• **WHAT THE TASK REQUIRES**
Pictures stay out of the output. Return exactly the lines below from the one with "It's very clean" down to the one with "ARTIST STATEMENT: Sea", both included, and nothing more.

• **DATASET**
-- Opening Marker --
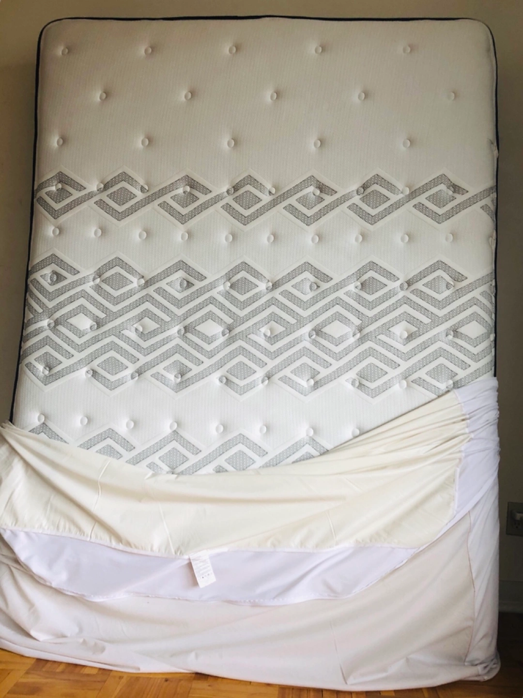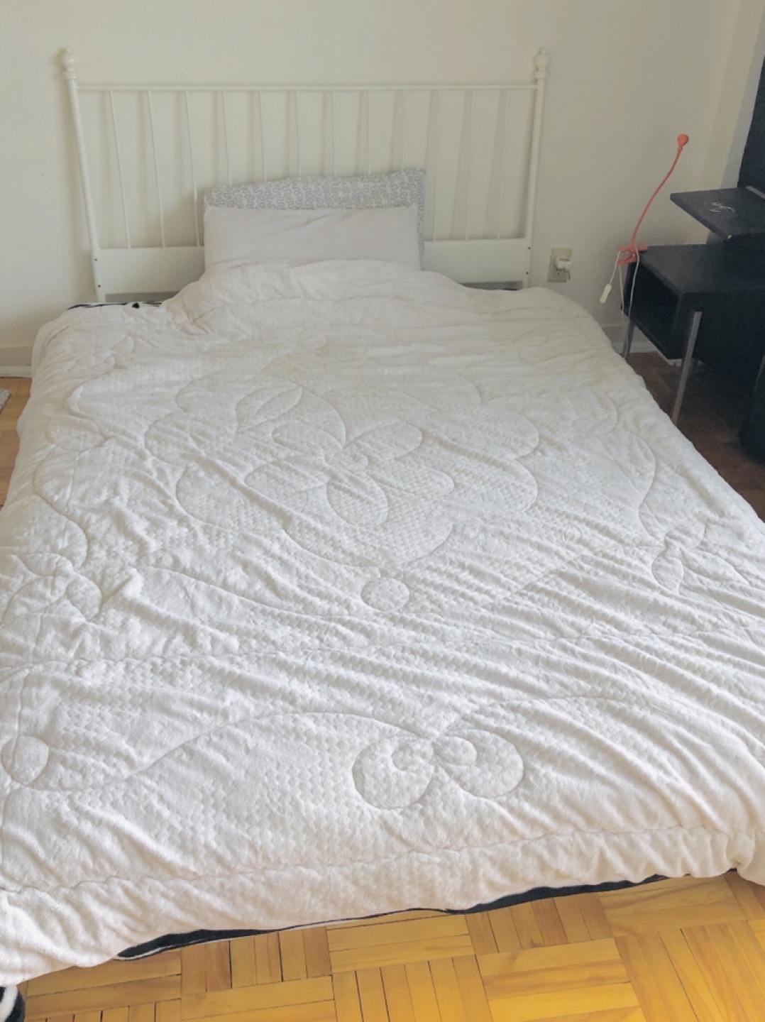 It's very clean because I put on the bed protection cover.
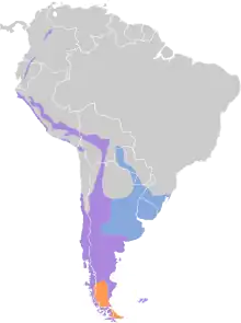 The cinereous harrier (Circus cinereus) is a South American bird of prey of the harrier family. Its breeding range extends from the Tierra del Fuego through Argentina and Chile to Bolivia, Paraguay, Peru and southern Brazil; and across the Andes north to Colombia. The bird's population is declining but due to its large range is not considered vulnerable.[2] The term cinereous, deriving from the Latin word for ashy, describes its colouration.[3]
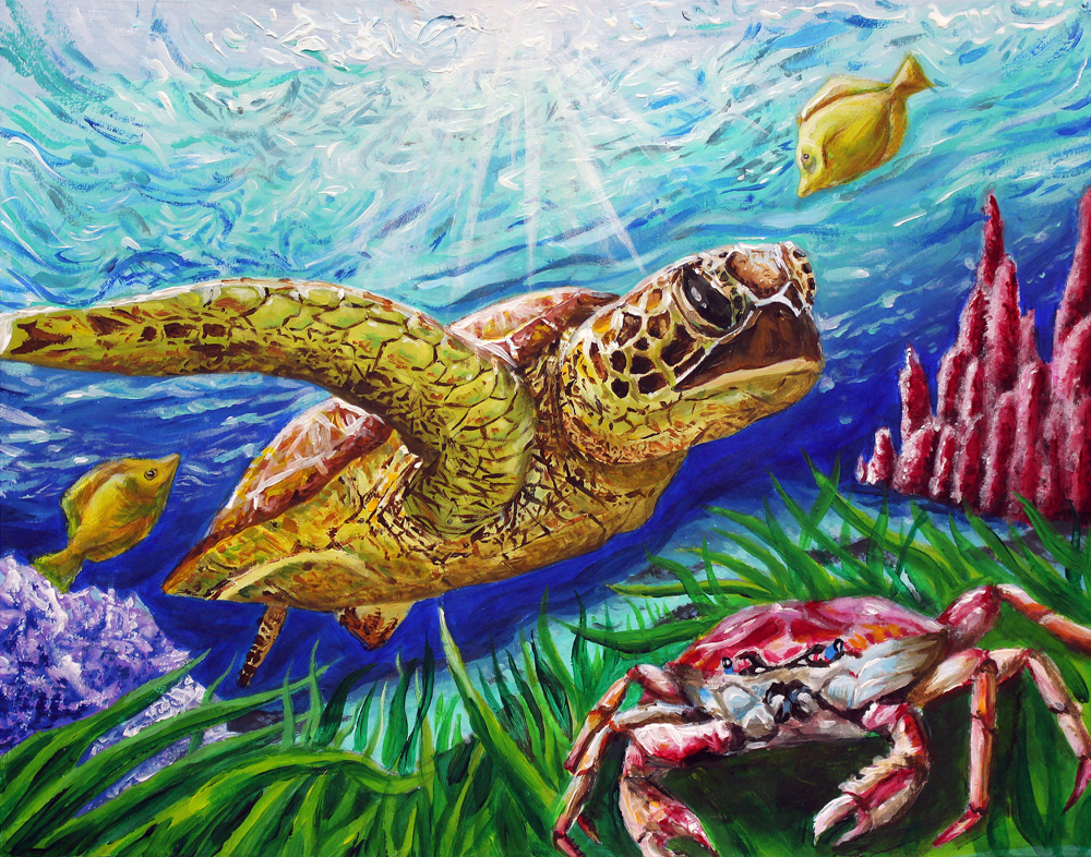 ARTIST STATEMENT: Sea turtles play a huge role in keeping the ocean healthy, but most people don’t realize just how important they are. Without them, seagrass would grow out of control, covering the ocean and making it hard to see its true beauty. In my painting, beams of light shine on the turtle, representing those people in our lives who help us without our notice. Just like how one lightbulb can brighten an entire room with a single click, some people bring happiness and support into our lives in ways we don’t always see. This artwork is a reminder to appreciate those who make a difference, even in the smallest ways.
-- Closing Marker --
-- Opening Marker --
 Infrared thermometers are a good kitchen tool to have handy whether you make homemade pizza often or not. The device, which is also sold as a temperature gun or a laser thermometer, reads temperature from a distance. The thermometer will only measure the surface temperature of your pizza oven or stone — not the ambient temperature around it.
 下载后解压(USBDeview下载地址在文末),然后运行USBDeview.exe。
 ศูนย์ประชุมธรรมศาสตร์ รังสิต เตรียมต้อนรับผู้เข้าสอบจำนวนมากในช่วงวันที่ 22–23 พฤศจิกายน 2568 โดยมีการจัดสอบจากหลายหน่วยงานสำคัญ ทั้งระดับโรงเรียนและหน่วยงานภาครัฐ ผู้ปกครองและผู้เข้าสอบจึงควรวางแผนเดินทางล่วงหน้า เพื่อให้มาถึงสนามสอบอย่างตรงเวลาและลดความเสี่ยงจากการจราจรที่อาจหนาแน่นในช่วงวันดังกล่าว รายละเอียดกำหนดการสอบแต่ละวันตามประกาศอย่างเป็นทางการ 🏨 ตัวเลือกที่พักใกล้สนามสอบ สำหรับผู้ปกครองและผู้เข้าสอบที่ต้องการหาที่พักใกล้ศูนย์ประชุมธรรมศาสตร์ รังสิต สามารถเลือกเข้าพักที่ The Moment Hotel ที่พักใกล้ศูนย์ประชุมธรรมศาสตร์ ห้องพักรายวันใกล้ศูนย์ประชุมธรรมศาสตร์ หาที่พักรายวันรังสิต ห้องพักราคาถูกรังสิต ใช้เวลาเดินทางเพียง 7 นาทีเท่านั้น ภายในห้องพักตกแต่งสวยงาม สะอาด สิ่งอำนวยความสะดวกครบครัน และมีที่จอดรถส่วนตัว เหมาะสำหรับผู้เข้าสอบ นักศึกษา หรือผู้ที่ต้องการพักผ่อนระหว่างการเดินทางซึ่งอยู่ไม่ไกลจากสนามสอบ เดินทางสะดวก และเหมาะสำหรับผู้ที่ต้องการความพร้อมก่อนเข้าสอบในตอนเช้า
-- Closing Marker --
• **THE ANSWER**
 It's very clean because I put on the bed protection cover.
 The cinereous harrier (Circus cinereus) is a South American bird of prey of the harrier family. Its breeding range extends from the Tierra del Fuego through Argentina and Chile to Bolivia, Paraguay, Peru and southern Brazil; and across the Andes north to Colombia. The bird's population is declining but due to its large range is not considered vulnerable.[2] The term cinereous, deriving from the Latin word for ashy, describes its colouration.[3]
 ARTIST STATEMENT: Sea turtles play a huge role in keeping the ocean healthy, but most people don’t realize just how important they are. Without them, seagrass would grow out of control, covering the ocean and making it hard to see its true beauty. In my painting, beams of light shine on the turtle, representing those people in our lives who help us without our notice. Just like how one lightbulb can brighten an entire room with a single click, some people bring happiness and support into our lives in ways we don’t always see. This artwork is a reminder to appreciate those who make a difference, even in the smallest ways.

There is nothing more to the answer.